You don’t have to wear an inflatable whale on your head to understand the importance of play, but it helps.
On the 13th of March Playful Leeds welcomed Nikki Pugh to Leeds to talk about her work on playfulness. After her talk, NIkki blindfolded us and replaced our sight with a custom sonar system she’d built herself with an Arduino. It was a wonderfully weird spectacle, especially in a converted Methodist Chapel in South Leeds.
Nikki told a lot of great stories but two have really stuck with me.
The first was about Nikki’s experience of creating Birmingham’s first space bringing makers and tinkerers together. She pushed to give it a fun name and the group settled on fizzPop, an ode to West Yorkshire’s own Joseph Priestly, the discoverer of Oxygen and creator of Soda Water.
The name was not well received by some. They wanted a hackspace called a hackspace, with a serious image and no fizzing or popping at all. In the end Nikki got her way and fizzPop is still a leading hackspace in the UK. And the people who moaned at her? The people who endlessly petitioned to name the project less playfully? Very few of them ever turned up in person to make their case or join in and none of them set up a rival hackspace. There’s a lesson in that.
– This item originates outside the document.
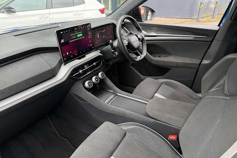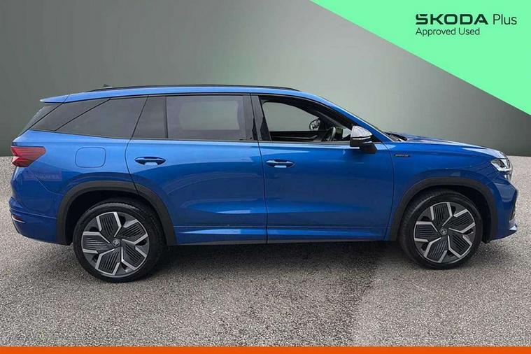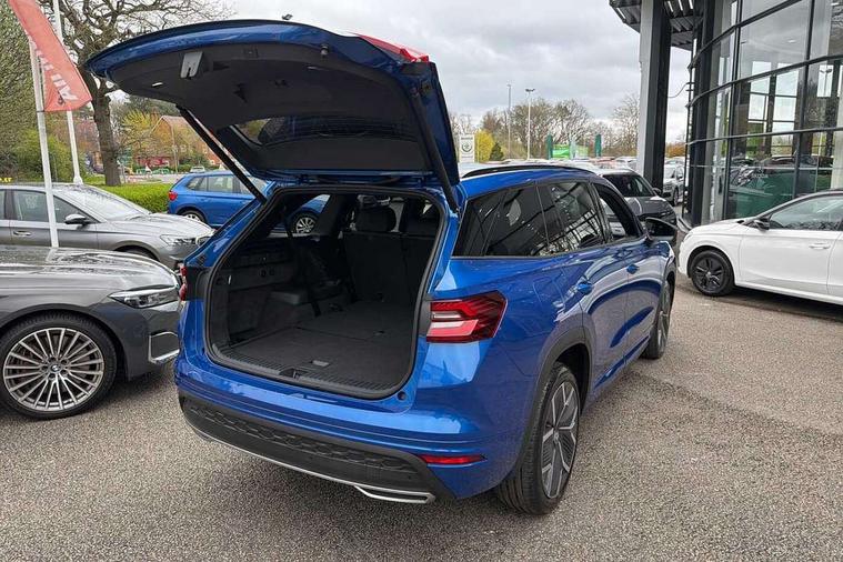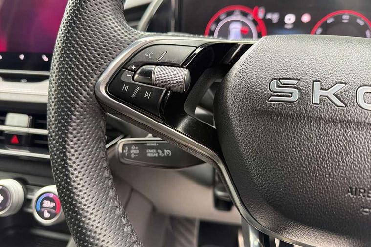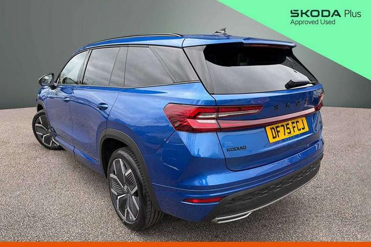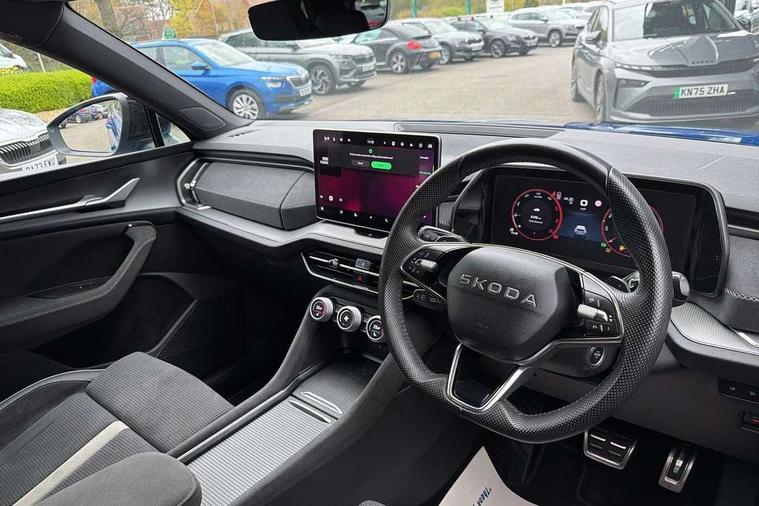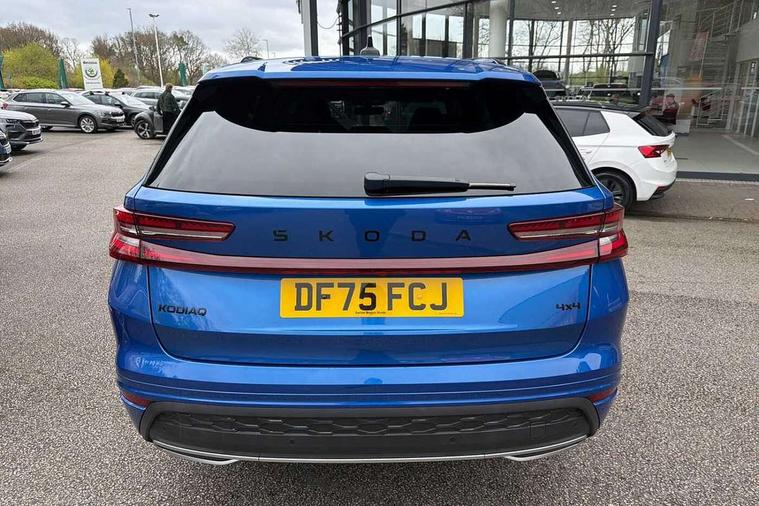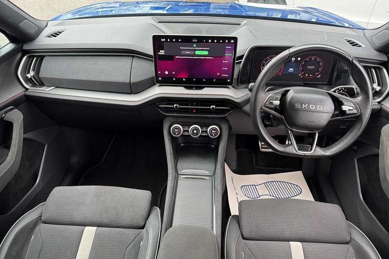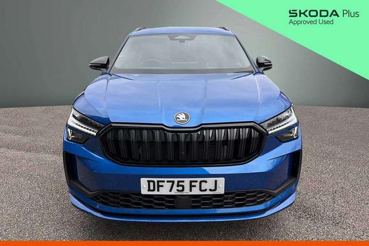13" satellite navigation touchscreen display, Blind spot detection with door exit warning, Bluetooth system, ChatGPT functionality, Driver alert - Fatigue and drowsiness monitor, Dry display cleaner, Emergency call, Front and rear parking sensors, Front cross traffic assist, Lane assist, Off road modes, PAS, Rear traffic assist, Tailgate unlocking from outside, Traffic sign recognition, USB C Port x 2 in front centre console, Virtual Cockpit - 10.25" digital display, Voice control system, Wireless charging for two smartphones (15W) with cooling function, Wireless SmartLink for Apple CarPlay and Android Auto, Stop/start function, 2x USB-C in the rear, DAB Digital radio, Aero front windscreen wipers with intermittent function, Auto dimming rear view mirror, AWL (all weather lighting) and all weather light with cornering function, Black diffuser and decorative tailpipe with a unique dark chrome finish, Black roof rails, Black sports styling including front grille and window surrounds, Black wheel arch surrounds, Body colour door handles, Cornering light and poor weather light, Electric folding /adjustable/separted heated/folding door mirrors, auto dimming with boarding sports and memory function, Electric front and rear windows, Exterior black decorative trims, Front and rear sports bumpers including lower rear chrome strip, Front grille with horizontal light strip, Gloss black door mirrors, Gloss black window frame and D pillar, Heat insulating glass in windshield, Heated rear window, Ice scraper in fuel tank cap, LED daytime running lights, LED matrix headlights with AFS and LED fog lights, LED rear light with welcome effect and dynamic turn signals, LED third brake light in rear spoiler, Light assistant with automatic headlight control and coming home feature, Logo projection in door mirrors, Multiple matrix beam, Privacy glass, Rear roof spoiler, Rear side wing doors, Rear window wiper, Red decorative strip between rear LED lights, Safety reflectors on front and rear doors, Sportline badge on front fenders, Tailgate lettering in Black, Unique dark chrome design logo on alloy wheels, Window control switches with black trim, Windscreen wipers with rain sensor, Without engine designation, 1.5l bottle holder points in all door, 1x centre rear reading light, 2 seat bench in 3rd row, 3 configurable smart dials with 32mm coloured display, 3 seat bench in 2nd row, 3 spoke multi-function heated leather sports steering wheel with paddle shift, 4 foldable roof handles with rear coat hooks, Aluminium pedals, Ambient interior lighting - Dashboard, front-door stowage compartments, front and rear door panels and footwell lighting, Automatic gear selector on steering column, Chrome interior door handles, Driver/front passenger reading lights, Fabric headlining, Fixed bench 40:60:40 split folding backrests, Front and rear floor mats, Front centre armrest with jumbo box storage compartment, cup holder and 12V socket, Front sport seats, Height adjustable front headrests, Interior black decorative trims, Isofix child seat fittings in outer middle row rear seats and front passenger with top tether, Manually adjustable steering column, Pollen filter, Rear centre armrest with cupholders, Rear seat boot backrest release, Single front passenger seat, Skoda lettering on steering wheel, Storage pocket including mobile phone pockets on the backs of the front seats, Sunvisors with illuminated vanity mirrors, Three rear height adjustable headrests, Ticket holder on A Pillar, Tri zone climate control, Umbrella in door panel x1 made from sustainable materials, Upper and lower glovebox with card holder and coin compartment, USB C port by rear view mirror for charging only (15W), Acoustic package - Kodiaq, Performance package - Kodiaq, Sportline design selection pack - Kodiaq, Auto door release and activation of warning lights in the event of an accident, Driver and front passenger airbag with knee airbag and front passenger airbag deactivation, Electric child locks, Electronic parking brake, ESC (incl. ABS+EMD+MSR+ASR+EDL+HBA+DSR+RBS+ESBS+MCB+TSA+XDS), Front assist with braking reaction to vehicles, pedestrians and cyclists, Front disc brakes, Fuel cut off safety device, Height adjustable front 3 point seatbelts + pretensioners, Hill hold assist, Junction assist with automatic emergency braking, Rear disc brakes, Safety vest holder in door, Seat belt reminder for all seats, Three point rear seat belts, Two tone horn, Tyre pressure monitor, Alarm with interior monitoring and tilt sensor with safe function, Anti-theft wheel bolts, Immobiliser, Remote central locking with 2 keys, 20" Rila anthacite polished alloy wheel with black matte aero covers,

To understand the second killer point that NIkkia made you need to understand what kind of stuff she does. She has sent people exploring familiar surroundings with an over-sized GPS-enabled boombox she has programed to encourage them to take small risks and unusual paths. She has attached table-tennis nets to empty market stalls and given out bats and balls to passers-by. She got me to put an inflatable whale on my head.
Common to everything, Nikki is fanatical about inviting people to play more, whoever and wherever they are.
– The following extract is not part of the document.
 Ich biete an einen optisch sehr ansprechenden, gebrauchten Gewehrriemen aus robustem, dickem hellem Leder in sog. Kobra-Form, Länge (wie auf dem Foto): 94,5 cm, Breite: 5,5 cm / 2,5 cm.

The day after Nikki’s talk I realised that the experiences that Dan and I build at imactivate are always sold as interactive. We take a physical object, and add some extra digital content to it that can be uncovered with a smartphone. Often that content is serious, the objective is clear, and interactive is the right word to use. Sometimes the content is fun and its purpose is unclear.
So we’ve started describing some of our projects as playful, and commissioning artists to work on playful content, not interactive content. It’s a new way of thinking about what we do and I can’t say yet whether that matters or not. But when someone gives you an invitation to play, it seems rude not to give it a go.